Closed drlaw1558 closed 6 years ago
Elegant solutions that work for everyone may be a tough one on this. FWIW, I also use environment variables to point to necessary notebook data, especially since I'm often dealing with examples using fits files, which you don't want stored in github.
When available one could also provide the link back to the archive holding or download commands depending on where the data live.
Yeah, this is a hard usability problem. One solution for this I've seen used in the past is Git-LFS which LSST are using for some of their repos.
It would be good to develop some recommended solutions to this.
Dataversioncontrol (https://dataversioncontrol.com) looks interesting in this regard.
Dataversioncontrol (https://dataversioncontrol.com) looks interesting in this regard.
Agreed. Looks very similar to Git-LFS in approach.

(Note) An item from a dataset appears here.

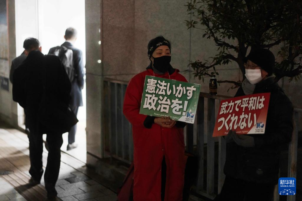 1月9日,民众在日本东京的首相官邸外参加抗议活动。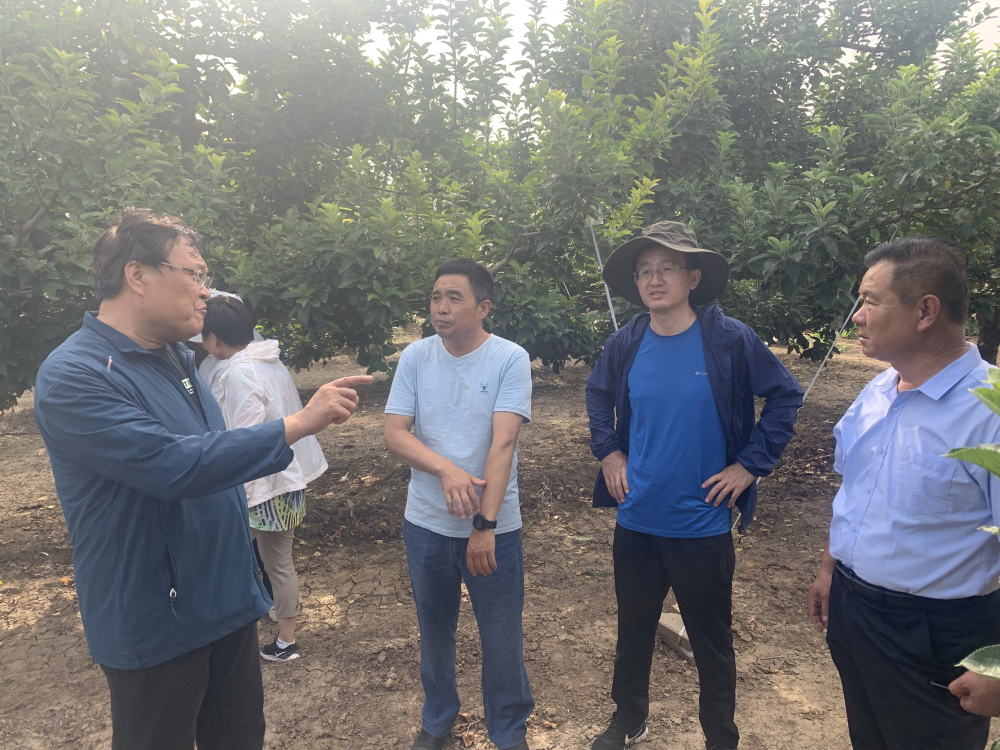 我所研究团队首先实地查看了梅庄村苹果示范园、葡萄示范园、农业废弃物粉碎加工场地等,调研了工作落实情况,并现场进行了相关技术培训。随后,召开了座谈会,会上听取了梅庄村支部书记近期关于乡村振兴工作的进展情况、存在问题及下一步工作计划。同时,征询了示范户、村民代表在乡村振兴工作推进过程中遇到的技术难题和好的意见建议。并就参会代表集中反应的果树修剪、近几年连续坐果率低、多效唑等生长调节剂使用等技术问题进行了现场研讨和技术指导。

@eteq wrote this up, seems generally applicable in this context: https://innerspace.stsci.edu/pages/viewpage.action?pageId=129671315
Another issue that would be useful to have a style guide for: linked data directories.
This is particularly relevant to notebooks, which might operate on a data file that they need to find in order for an end-user to run the notebook successfully. I can see two kinds of files: 1) Small data files that make sense to live within the repository itself, and can easily be linked with an environmental variable 2) Large data files that shouldn't be in the repository but staged elsewhere.
Being relatively new to git and python (from svn and IDL) I've been inventing my own approaches using environmental variables pointing to (1) the local repo checkout directory, and (2) a corresponding data directory on central store. Works well enough, but if there is a more elegant solution it would be helpful to describe here.